== The input
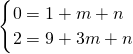 解得m=-3、n=2,
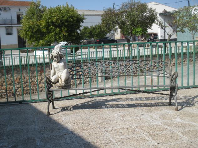 Estatua colocada sobre un banco,
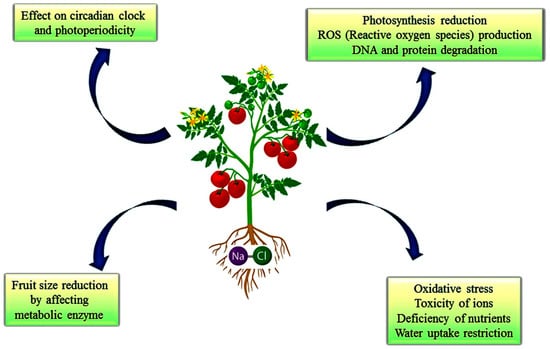 Regulation of ionic gradient is essential for the proper functioning of biological processes. The high concentration of inorganic ions such as Na+, K+, Ca2+, Mg2+, and Cl− in the soil makes soil saline and generates osmotic and ionic stress in plants. Osmotic stress is generated when salt concentrations are higher outside roots, leading to a reduction in water uptake while ionic stress is generated due to the accumulation of Na+ above a threshold in leaves [169,170]. Thus, the maintenance of ion homeostasis is essential for the development and growth of plants under salt stress [171].
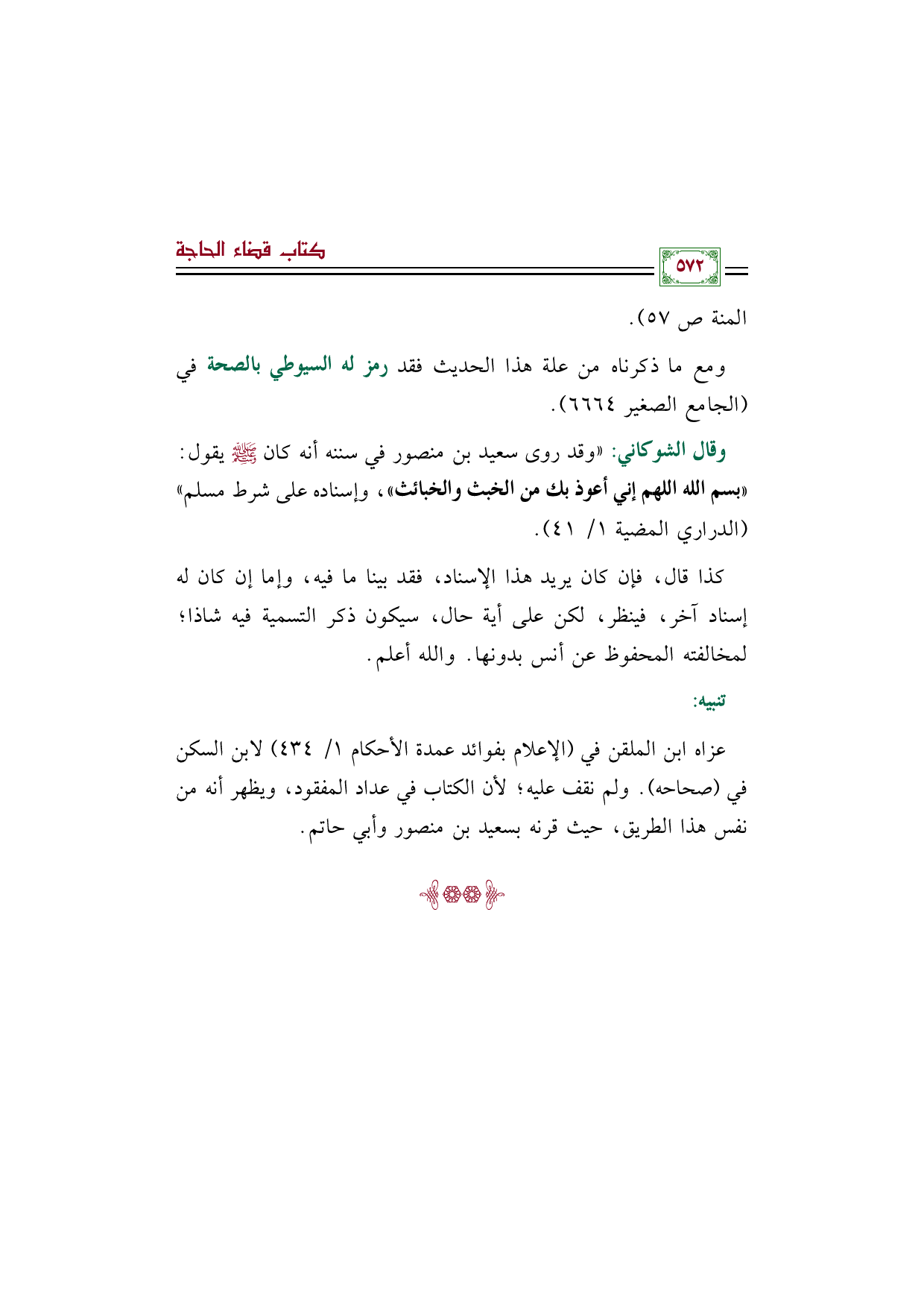 وقال الشوكاني: "وقد روى سعيد بن منصور في سننه أنه كان صلى الله عليه وسلم يقول: «بسم الله اللهم إني أعوذ بك من الخبث والخبائث»، وإسناده على شرط مسلم" (الدراري المضية ١/ ٤١).
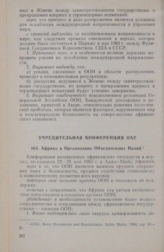 Учредительная конференция ОАЕ. Африка и Организация Объединенных Наций. Аддис-Абеба, 22-25 мая 1963 г. // «OAU, Basic Documents and Resolutions», Addis Ababa, 1964, стр. 20-21.
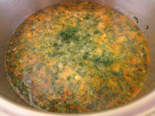 După ce stingeţi focul, se toarnă oul cu iaurt în ciorbă, amestecând continuu. La sfârşit, se adaugă leuşteanul şi mărarul tăiate mărunt.
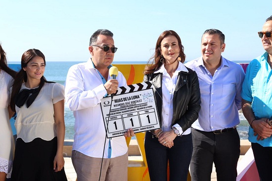 Mazatlán., Sinaloa.-  La Presidenta del Sistema DIF Sinaloa Rosy Fuentes de Ordaz y el productor Nicandro Díaz fueron los encargados de dar claquetazo a la primera escena de la telenovela “Hijas de la luna” la cual se graba  en el puerto de Mazatlán.
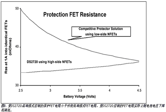 DS2720IC使用外部開(kāi)關(guān)元件,如低成本n溝道功率MOSFET,來(lái)控制充電和放電電流。內(nèi)部9V的電荷泵為外部n溝道MOSFET提供高端驅(qū)動(dòng),與常見(jiàn)使用相同F(xiàn)ET的低端保護(hù)電路相比具有更低的導(dǎo)通電阻。FET導(dǎo)通電阻實(shí)際上隨電池放電而減少(見(jiàn)圖8)。
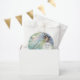 Bezaubernde Sommerabende Glitzern mit einer hübschen Fee, die über die Wiese tanzt. Fantasiewesen in Blues, Salbei und Aquas. Vintage Illustration mit Ihren personalisierten Details ist genau die richtige Touch für verzauberte Themen für Duschen, Geburtstage und andere Veranstaltungen.
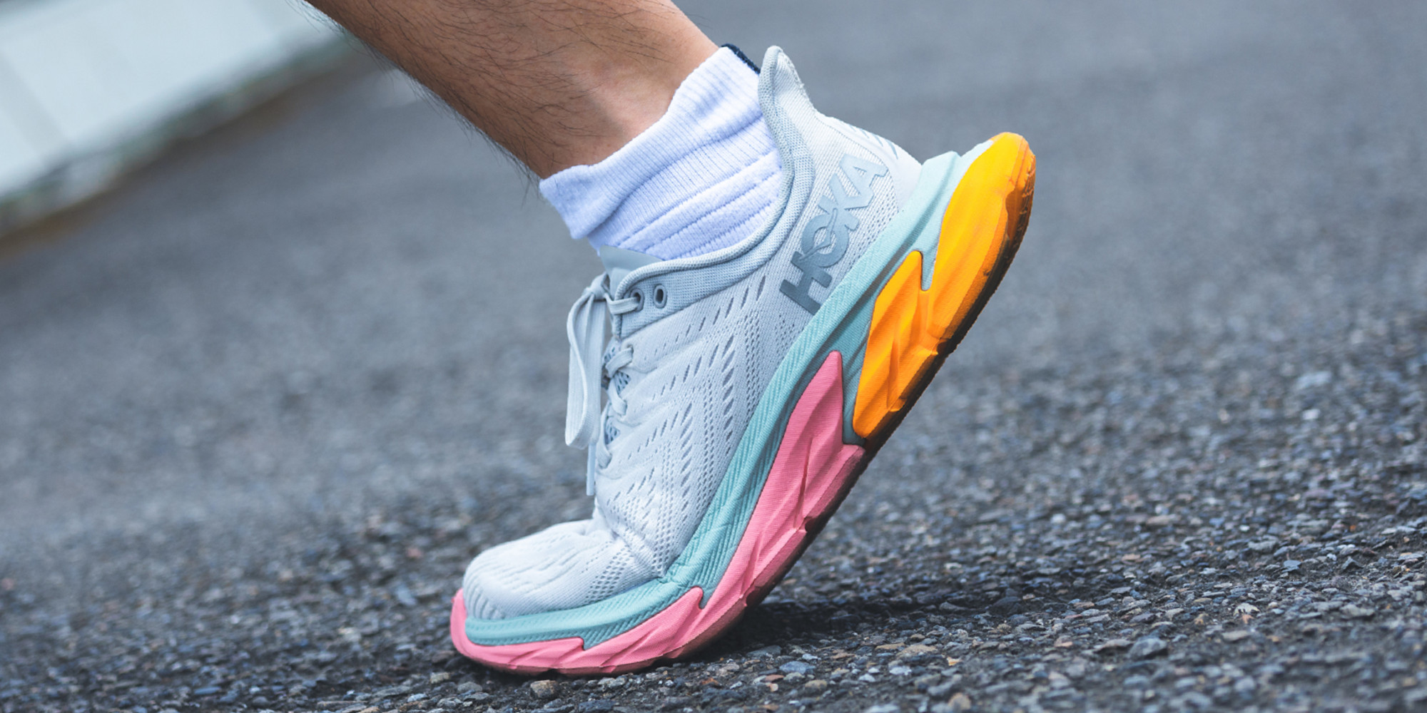如果實體化來比喻,編輯想起在菲律賓搭乘的螃蟹船經驗,左右兩側突出支架就是船體穩定器,原理是提前碰觸海面讓船不會左右搖晃太嚴重,加大船體無形底盤面積同時又擁有小船輕巧優勢,出海坐起來也比較舒適,相似原理讓編輯意識到 Hoka One One Clifton Edge 可以幫助初階跑者去挑戰大海,你只管不斷往前進就好,穩定的事就放心腳給底盤來處理,測試地點因為選在城市中,路面上偶有小碎石都能平穩踩過。另外 Hoka One One Clifton Edge 也有破浪的設計,後跟與鞋尖處上揚的弧度有延續獨家 META-ROCKER 滾動技術的流暢感,而中段則平坦的觸地穩定前後傳導過程,不至於隨時處在滾動狀態,Hoka One One Clifton Edge 所呈現的並非天秤兩端獨特個性,而是兼具像編輯這樣初階跑者要的靈活與穩定,造就超過滿分的均衡表現。
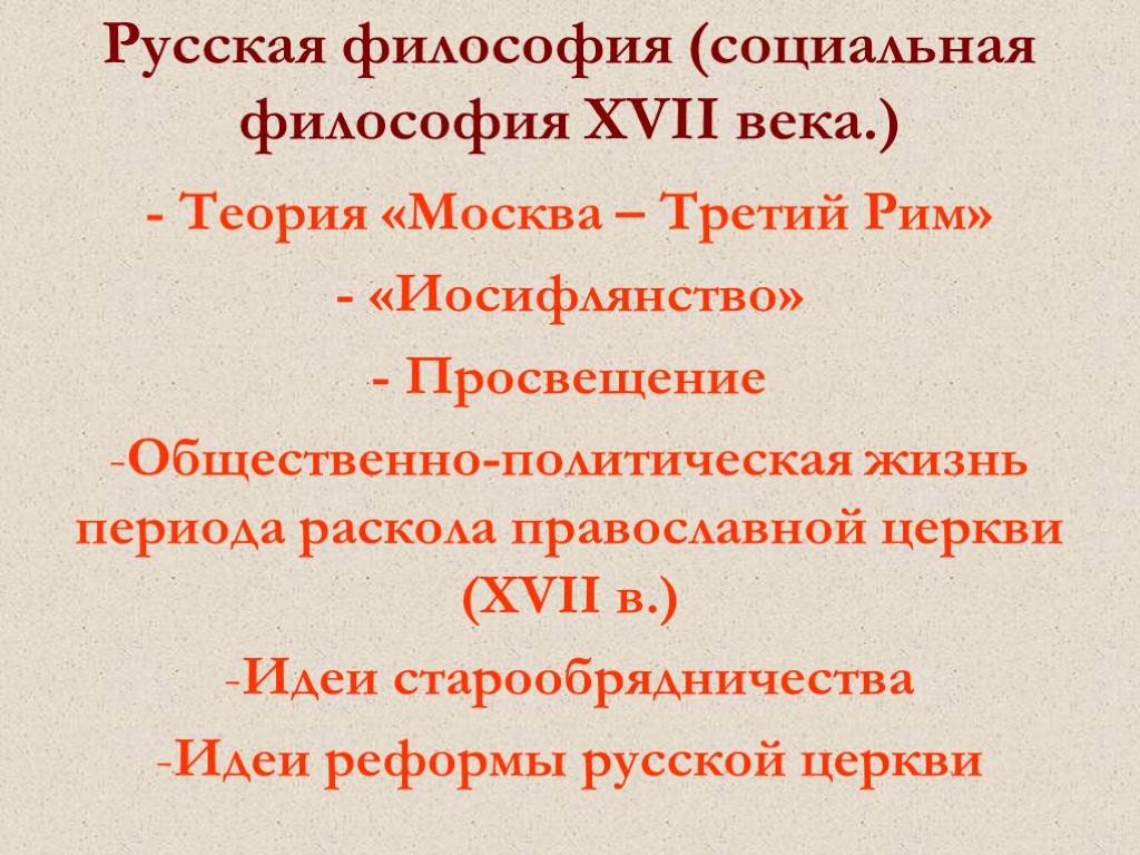 Русская философия (социальная философия XVII века.) - Теория «Москва – Третий Рим» - «Иосифлянство» - Просвещение Общественно-политическая жизнь периода раскола православной церкви (XVII в.) Идеи старообрядничества Идеи реформы русской церкви
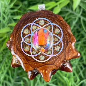 Spiny Oyster Turquoise with Crushed Opal & Seed of Life
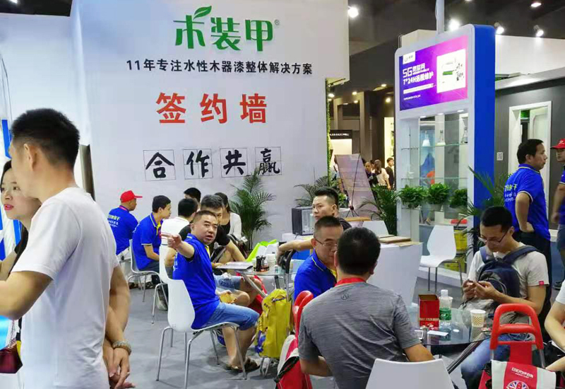 展位现场来访者不断,纷纷驻足咨询。我们现场的工作人员穿着醒目清新的蓝色战衣热情卖力为其介绍产品的特点,洽谈合作。3分钟干燥、4小时出货,水漆黑科技让广大家具、木门、木制品厂家出货速度提高10~20倍,VOCs处理费用变为0,更可以节约用地50%。各种特点惊艳亮相刷新大家的想象力,展会现场气氛高涨,签单不断!
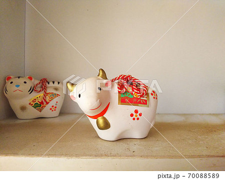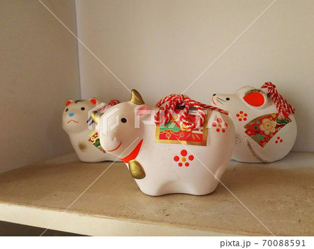白い棚の上に丑年の置物と鼠年の置物、寅年の置物
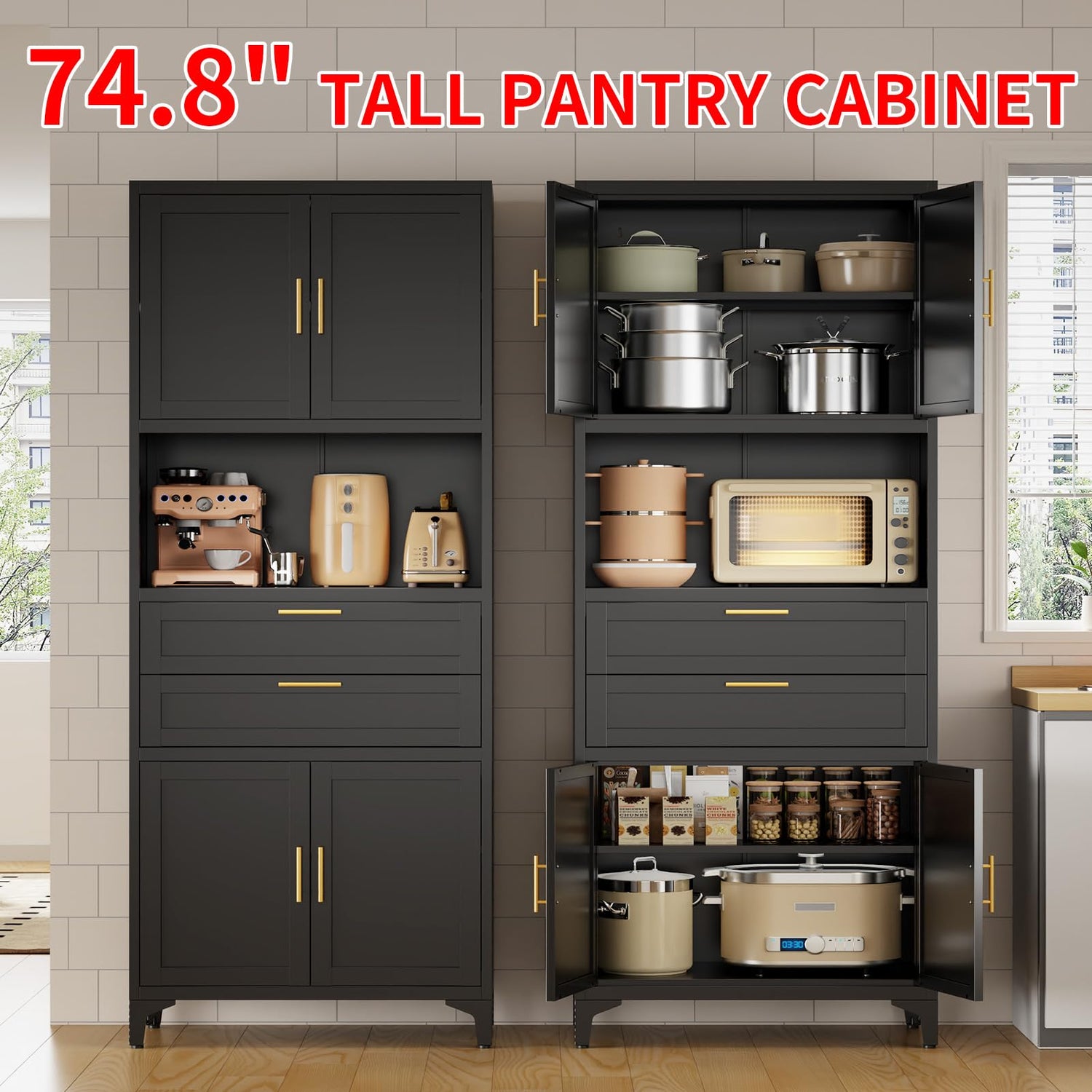 FogQueen 75" Tall Metal Storage Cabinet,Pantry Storage Cabinet with 2 Drawers and Open Space,Kitchen Cupboard with Adjustable Shelves,Multi-Functional Cabinet for Living Room,Bathroom,Garage (Black)
====
Required work. Without including any picture, print every record exactly as written above.

Solution.
 解得m=-3、n=2,
 Estatua colocada sobre un banco,
 Regulation of ionic gradient is essential for the proper functioning of biological processes. The high concentration of inorganic ions such as Na+, K+, Ca2+, Mg2+, and Cl− in the soil makes soil saline and generates osmotic and ionic stress in plants. Osmotic stress is generated when salt concentrations are higher outside roots, leading to a reduction in water uptake while ionic stress is generated due to the accumulation of Na+ above a threshold in leaves [169,170]. Thus, the maintenance of ion homeostasis is essential for the development and growth of plants under salt stress [171].
 وقال الشوكاني: "وقد روى سعيد بن منصور في سننه أنه كان صلى الله عليه وسلم يقول: «بسم الله اللهم إني أعوذ بك من الخبث والخبائث»، وإسناده على شرط مسلم" (الدراري المضية ١/ ٤١).
 Учредительная конференция ОАЕ. Африка и Организация Объединенных Наций. Аддис-Абеба, 22-25 мая 1963 г. // «OAU, Basic Documents and Resolutions», Addis Ababa, 1964, стр. 20-21.
 După ce stingeţi focul, se toarnă oul cu iaurt în ciorbă, amestecând continuu. La sfârşit, se adaugă leuşteanul şi mărarul tăiate mărunt.
 Mazatlán., Sinaloa.-  La Presidenta del Sistema DIF Sinaloa Rosy Fuentes de Ordaz y el productor Nicandro Díaz fueron los encargados de dar claquetazo a la primera escena de la telenovela “Hijas de la luna” la cual se graba  en el puerto de Mazatlán.
 DS2720IC使用外部開(kāi)關(guān)元件,如低成本n溝道功率MOSFET,來(lái)控制充電和放電電流。內(nèi)部9V的電荷泵為外部n溝道MOSFET提供高端驅(qū)動(dòng),與常見(jiàn)使用相同F(xiàn)ET的低端保護(hù)電路相比具有更低的導(dǎo)通電阻。FET導(dǎo)通電阻實(shí)際上隨電池放電而減少(見(jiàn)圖8)。
 Bezaubernde Sommerabende Glitzern mit einer hübschen Fee, die über die Wiese tanzt. Fantasiewesen in Blues, Salbei und Aquas. Vintage Illustration mit Ihren personalisierten Details ist genau die richtige Touch für verzauberte Themen für Duschen, Geburtstage und andere Veranstaltungen.
如果實體化來比喻,編輯想起在菲律賓搭乘的螃蟹船經驗,左右兩側突出支架就是船體穩定器,原理是提前碰觸海面讓船不會左右搖晃太嚴重,加大船體無形底盤面積同時又擁有小船輕巧優勢,出海坐起來也比較舒適,相似原理讓編輯意識到 Hoka One One Clifton Edge 可以幫助初階跑者去挑戰大海,你只管不斷往前進就好,穩定的事就放心腳給底盤來處理,測試地點因為選在城市中,路面上偶有小碎石都能平穩踩過。另外 Hoka One One Clifton Edge 也有破浪的設計,後跟與鞋尖處上揚的弧度有延續獨家 META-ROCKER 滾動技術的流暢感,而中段則平坦的觸地穩定前後傳導過程,不至於隨時處在滾動狀態,Hoka One One Clifton Edge 所呈現的並非天秤兩端獨特個性,而是兼具像編輯這樣初階跑者要的靈活與穩定,造就超過滿分的均衡表現。
 Русская философия (социальная философия XVII века.) - Теория «Москва – Третий Рим» - «Иосифлянство» - Просвещение Общественно-политическая жизнь периода раскола православной церкви (XVII в.) Идеи старообрядничества Идеи реформы русской церкви
 Spiny Oyster Turquoise with Crushed Opal & Seed of Life
 展位现场来访者不断,纷纷驻足咨询。我们现场的工作人员穿着醒目清新的蓝色战衣热情卖力为其介绍产品的特点,洽谈合作。3分钟干燥、4小时出货,水漆黑科技让广大家具、木门、木制品厂家出货速度提高10~20倍,VOCs处理费用变为0,更可以节约用地50%。各种特点惊艳亮相刷新大家的想象力,展会现场气氛高涨,签单不断!
白い棚の上に丑年の置物と鼠年の置物、寅年の置物
 FogQueen 75" Tall Metal Storage Cabinet,Pantry Storage Cabinet with 2 Drawers and Open Space,Kitchen Cupboard with Adjustable Shelves,Multi-Functional Cabinet for Living Room,Bathroom,Garage (Black)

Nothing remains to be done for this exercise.